→ TASK DIRECTIONS:
Leave the pictures out. Transcribe exactly every line from the start of the records through the one containing "В рейтинге крупнейших".

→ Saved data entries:
-----

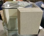With glass top and shelf; 43" w., 23" h., 32" d. With glass top and shelf; 43" w., 23" h., 32" d.
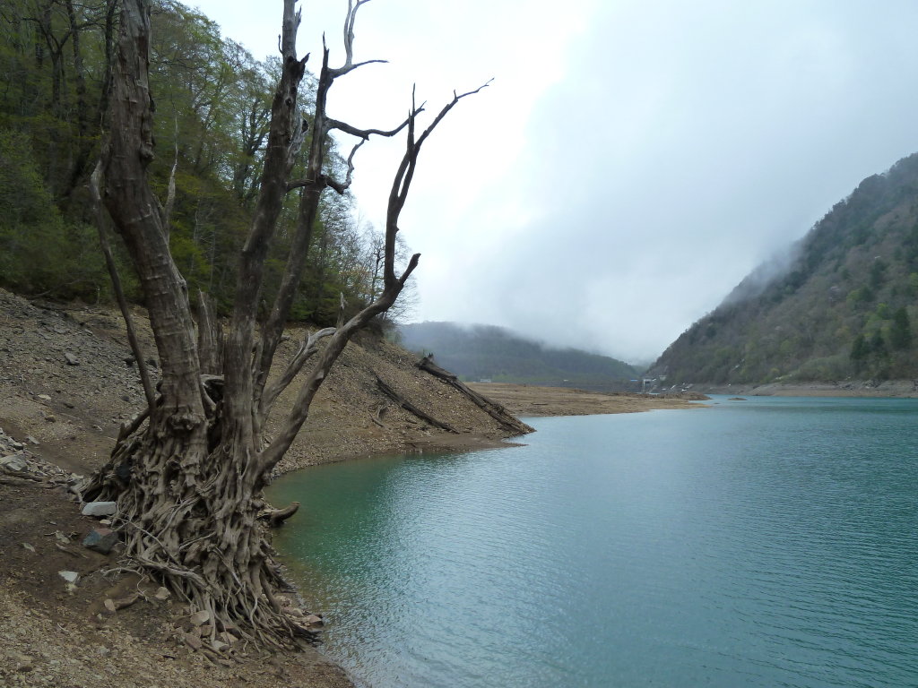 がった。湖畔には枯れた巨木のオブジェが並んで面白い。
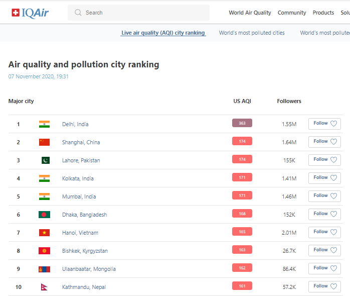 В рейтинге крупнейших городов мира по качеству воздуха World Air Quality на 19.30 Бишкек находится на 8-м месте.
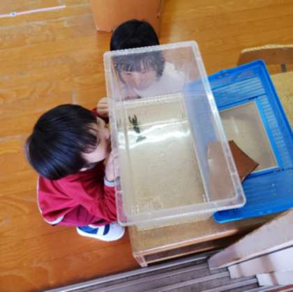 ザリガニ 公開日 2023/05/23 更新日 2023/05/23 きょうのようちえん 幼稚園の池にいたザリガニをよく見えるように飼育ケースにいれて保育室に置いておくと、ザリガニの様子を喜んで見ていました。しばらくすると「お口のところがペロペロしてるよ!」と自分で発見したことを教えてくれました。 いいね(0)
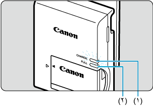 - عند شحن البطارية بالكامل، يضيء مصباح الشحن الكامل (٢) باللون الأخضر.
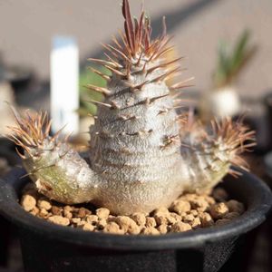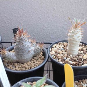 パキポディウム・グラキリス 白グラキリス。足元の分岐したところが元気!そして、頭の分岐も進んでる♪😊
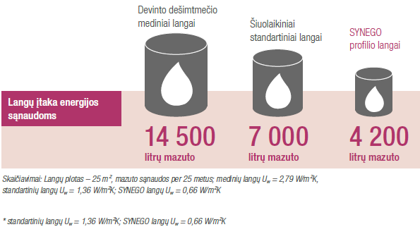 Naujieji SYNEGO langai - puikus būdas sutaupyti. Palyginus su standartiniais langais, naujieji SYNEGO langai užtikrina iki 50 % didesnę šilumos izoliaciją. Jie ženkliai sumažina šildymo išlaidas ir padidina jūsų nekilnojamojo turto vertę - šiandien, rytoj ar poryt.
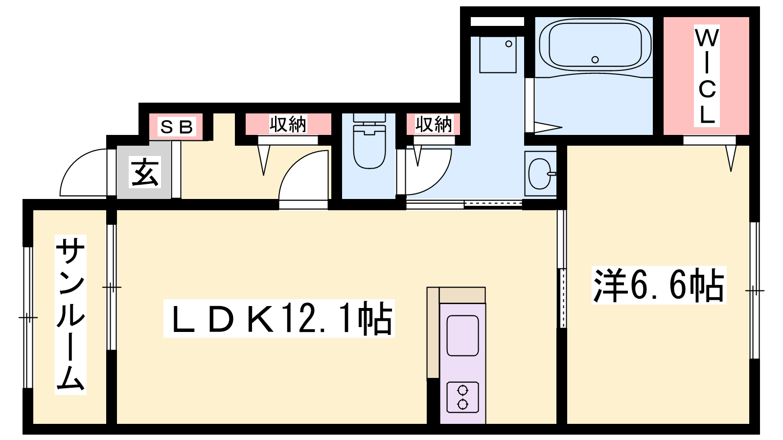 - LDK12.1帖、洋室6.6帖
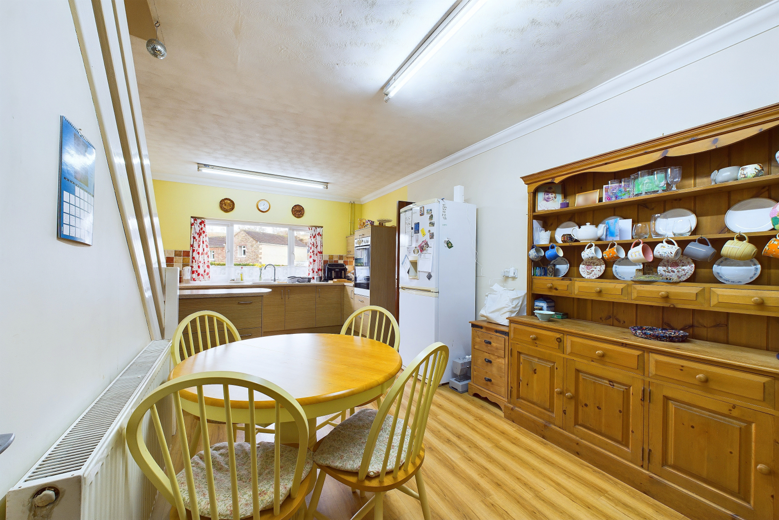 Kitchen/Diner - 20'11" x 12'2" (6.39 x 3.73 m) A bright and airy space featuring a large UPVC double-glazed window with charming views of the garden, plus an additional UPVC double-glazed window to the side. High coved ceilings and wood-effect flooring enhance the spacious feel.
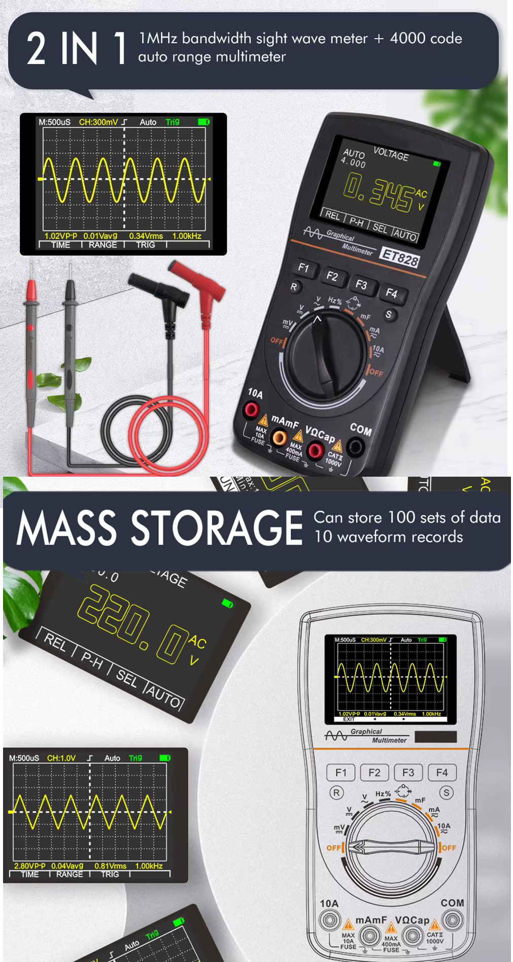 ET828 2 in 1 Oscilloscope Multimeter Digital 1MHz 2.5Msps Color Screen DC/AC Current Voltage Resistance Frequency Diode Test
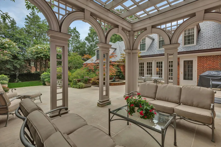 One of Richmond's most prized properties designed by Clarence Huff & positioned on the MOST desirable block of Windsor Farms. An architectural masterpiece on a double lot & framed by lush fountains, sculptures & Charles Gillette designed gardens & paths. The interior offers tall ceilings, heavy millwork, well-scaled Foyer with turned staircase, magnificent Living & Dining Rooms for the frequent entertainer. A walnut paneled Library offers one of 4 fireplaces & rich built-ins. An ELEVATOR serves every floor from Basement to Attic! A center island Kitchen boasts stone countertops, high end appliances & is complimented by a spacious butler's pantry. A light-filled Solarium leads to a bluestone terrace with pergola, & enchanting fountain. From the patio walk to the hidden pool & pool house screened by lush planting. The 2nd floor also features tall ceilings, 5 bedrooms, all with updated bath...

-----

→ ANSWER FOR THE TASK:
With glass top and shelf; 43" w., 23" h., 32" d. With glass top and shelf; 43" w., 23" h., 32" d.
 がった。湖畔には枯れた巨木のオブジェが並んで面白い。
 В рейтинге крупнейших городов мира по качеству воздуха World Air Quality на 19.30 Бишкек находится на 8-м месте.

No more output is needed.